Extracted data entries
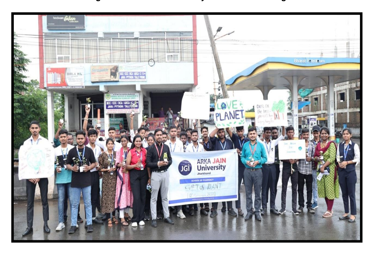
Figure 5: Students with faculty members, participating in the "GIFT A PLANT" event
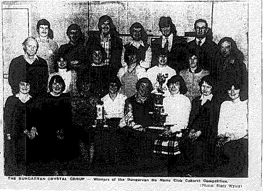
THE DUNGARVAN CRYSTAL GROUP — Winners of the Dungarvan No Name Club Cabaret Competition.
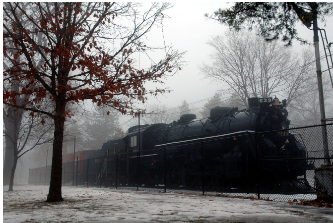
Figure 10. The Nickel Plate Railroad

whistle that was once used in Bloomington's trainyards; with a plaque commemorating its use and its dedication by local labor unions on Labor Day 1982. The train and steam whistle, appear as reminders of a previous time in American history, specimens of earlier culture and of curiosity to children and adults alike (observation notes 2013).
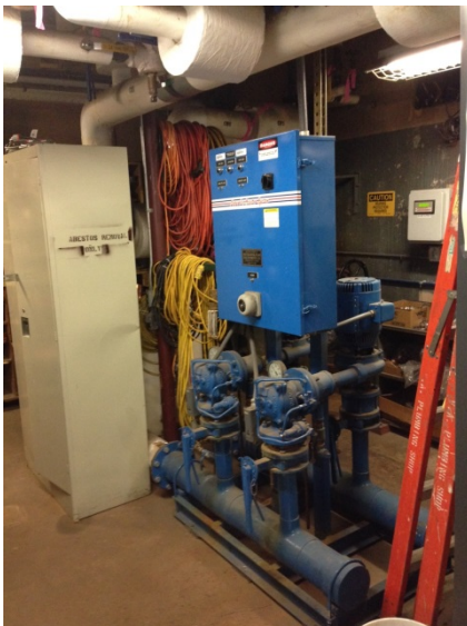
Current building booster pump, ground floor building 5, E07
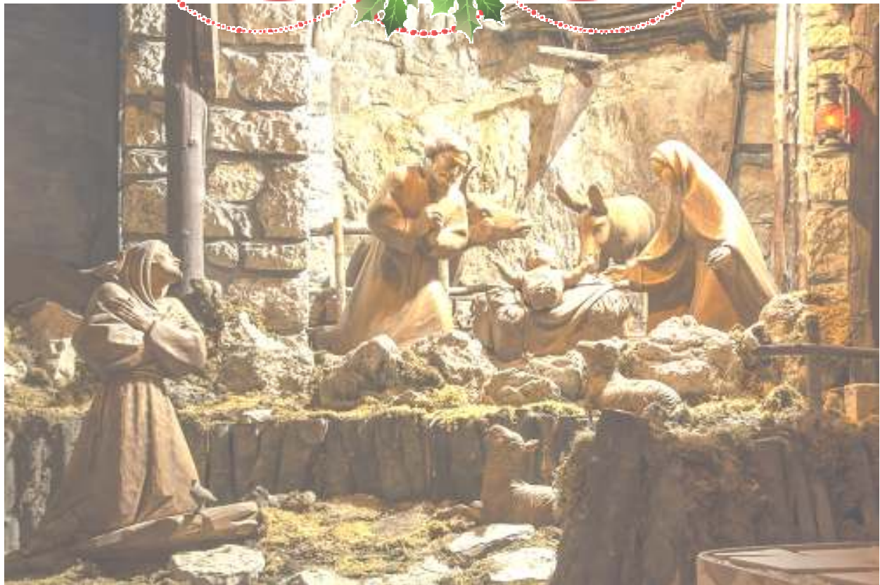
One of the many Christmas Crèche scenes at Santuario di Greccio in the Rieti Valley of Italy. It was on this site where St Francis of Assisi began the Christmas Crèche custom with his living crèche in 1223, as recorded by St. Bonaventure of Bagnoregio
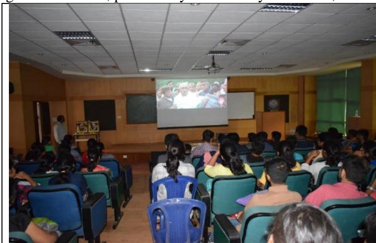
Students watching GANDHI movie, an activity under Universal Human Values
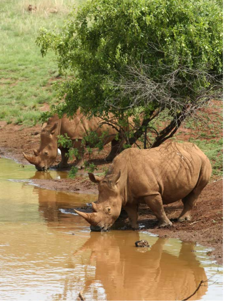
Timbavati Lodge, Kruger (top); Spectacular Victoria Falls (extension); White rhinos in Kruger (above)
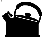
Enamel stainless steel kettle
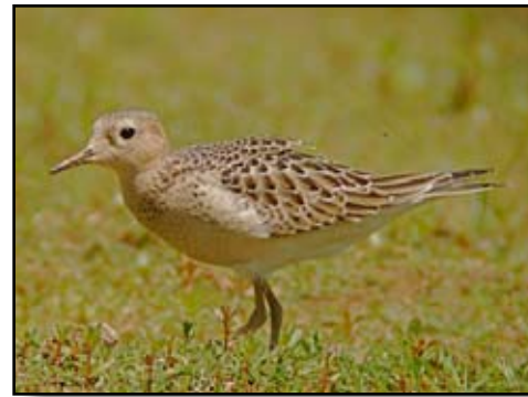
Buff-Breasted Sandpiper
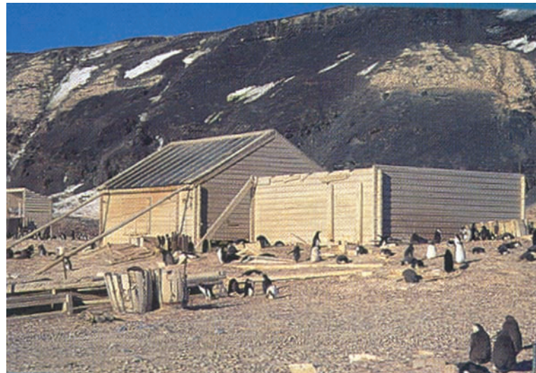
Cape Adare huts

Once transport is confirmed, the employment of appropriate conservators can proceed. Conservators of course need a range of specialist equipment and materials so further detailed planning for these is essential because, once on site, the lack of a relatively minor item can quickly turn success into failure. Once in the field there is no prospect for delivering anything that has been forgotten so such oversights can mean not only a compromised project, but perhaps more seriously, compromised safety.
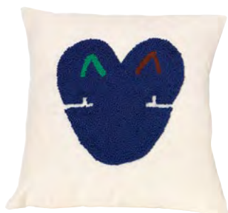
raw natural/marine blue/green/ red ochre OOANIPKU
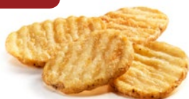
CLEAR COAT 1/4" CLASSIC CRINKLE MEDALLION 56210 05320
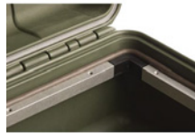
iM27XX-BEZEL Base Bezel Kit
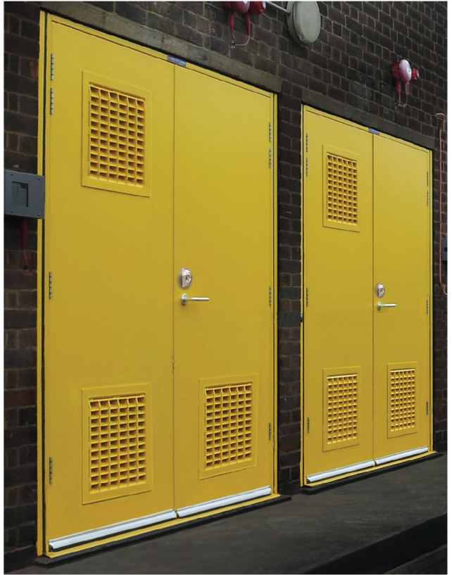
ExcluDoor® 5 double doorsets fitted with ExcluVent® ventilated panels.
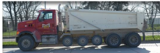
SU6 – 34.75 Ton

__Task goal__: Set down the entries above exactly, and keep every picture out of your copy.

__Reply to the exercise__:
Figure 5: Students with faculty members, participating in the "GIFT A PLANT" event
THE DUNGARVAN CRYSTAL GROUP — Winners of the Dungarvan No Name Club Cabaret Competition.
Figure 10. The Nickel Plate Railroad

whistle that was once used in Bloomington's trainyards; with a plaque commemorating its use and its dedication by local labor unions on Labor Day 1982. The train and steam whistle, appear as reminders of a previous time in American history, specimens of earlier culture and of curiosity to children and adults alike (observation notes 2013).
Current building booster pump, ground floor building 5, E07
One of the many Christmas Crèche scenes at Santuario di Greccio in the Rieti Valley of Italy. It was on this site where St Francis of Assisi began the Christmas Crèche custom with his living crèche in 1223, as recorded by St. Bonaventure of Bagnoregio
Students watching GANDHI movie, an activity under Universal Human Values
Timbavati Lodge, Kruger (top); Spectacular Victoria Falls (extension); White rhinos in Kruger (above)
Enamel stainless steel kettle
Buff-Breasted Sandpiper
Cape Adare huts

Once transport is confirmed, the employment of appropriate conservators can proceed. Conservators of course need a range of specialist equipment and materials so further detailed planning for these is essential because, once on site, the lack of a relatively minor item can quickly turn success into failure. Once in the field there is no prospect for delivering anything that has been forgotten so such oversights can mean not only a compromised project, but perhaps more seriously, compromised safety.
raw natural/marine blue/green/ red ochre OOANIPKU
CLEAR COAT 1/4" CLASSIC CRINKLE MEDALLION 56210 05320
iM27XX-BEZEL Base Bezel Kit
ExcluDoor® 5 double doorsets fitted with ExcluVent® ventilated panels.
SU6 – 34.75 Ton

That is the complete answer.